On Wednesday, a federal appeals court opinion shed light on Rep. Chaka Fattah’s fight to squash a search warrant seeking data from his Gmail account. The Pennsylvania Democrat, indicted July 29 for alleged racketeering conspiracy, bribery and wire fraud, objected to turning over some emails sought in a grand jury subpoena, arguing disclosure would violate his constitutional protections.
Several months later, a judge has issued a search warrant authorizing the FBI to dig for evidence of criminal activity dating back to Jan. 1, 2008. Fattah claimed he used his Gmail account to communicate with fellow members of Congress about legislative business, send schedules and agendas for committee meetings and to communicate with his staff regarding congressional matters. Fattah also claimed he used the Gmail account to interact with his lawyers.
But the U.S. District Court for the Eastern District of Pennsylvania rejected his argument that handing over the emails would violate the Speech or Debate Clause, or violate attorney-client privilege. It also denied a request from House attorneys that the court modify the warrant and allow Fattah access to the requested records.
“Creating special protections for a Congressman’s private email account would encourage corrupt legislators and their aides to make incriminating communications through private emails, knowing that they will be disclosed only with the authors approval,” the court opined in the sealed case, according to the appellate decision.
The Speech or Debate Clause, a protection Congress is granted to shield legislative work from prosecutors, secures a privilege of “non-use, rather than of non-disclosure,” the 32-page document states, concluding that the appeals court lacks jurisdiction to consider the argument, but the precedent is clear. In other words, the executive branch can look at the records, but it cannot use them as evidence.

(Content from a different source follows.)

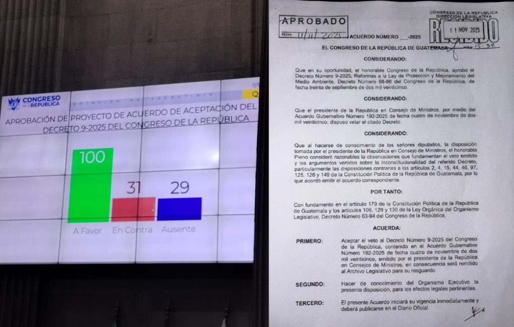 En paralelo, el Ejecutivo remitió el Acuerdo Gubernativo 192-2025 que formaliza el veto del presidente a las reformas aprobadas por el Congreso mediante el Decreto 9‑2025 —las cuales reformaban la Ley de Protección y Mejoramiento del Medio Ambiente (Decreto 68‑86)— al considerar que el nuevo texto “contraviene la Constitución” y debilita los estándares de protección ambiental.

“The crux of the Clause is to ‘prevent intimidation by the executive and accountability [for legislative acts] before a possibly hostile judiciary.’ It is clear that the purpose, however, has never been to shelter a Member from potential criminal responsibility,” the opinion states.

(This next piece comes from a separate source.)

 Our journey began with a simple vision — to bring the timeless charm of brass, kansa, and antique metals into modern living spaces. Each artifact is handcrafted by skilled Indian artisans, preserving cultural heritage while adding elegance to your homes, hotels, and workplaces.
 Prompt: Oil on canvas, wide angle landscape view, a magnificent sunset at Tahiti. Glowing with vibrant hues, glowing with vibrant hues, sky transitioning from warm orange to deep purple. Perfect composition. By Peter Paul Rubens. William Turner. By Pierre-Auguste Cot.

Two hearings have been scheduled in Fattah’s corruption case.
On Sept. 16, the judge will consider a motion to modify an order barring Fattah from communicating with individuals who have been identified as potential witnesses , including Sen. Bob Casey, D-Penn., and Rep. Ted Deutch, D-Fla.
Prosecutors argued on Aug. 26 the request should be denied. They also stated Fattah misunderstands the terms of the current arrangement, which they claim bars him from contacting any potential witnesses, “whether a lawyer is present for the conversation or not.”
Since the indictment, Fattah has asserted his innocence in a 4-minute YouTube video and suggested the charges are part of an “attack my family” aimed at tarnishing his 30-year career in public service. Those statements give prosecutors reason to believe that Fattah will argue the charges against him are politically-motivated and try to introduce evidence in favor of jury nullification.
On Sept. 21, the judge is set to consider a motion from prosecutors that would prohibit Fattah’s legal team from introducing evidence of “purported prior good acts” to the jury.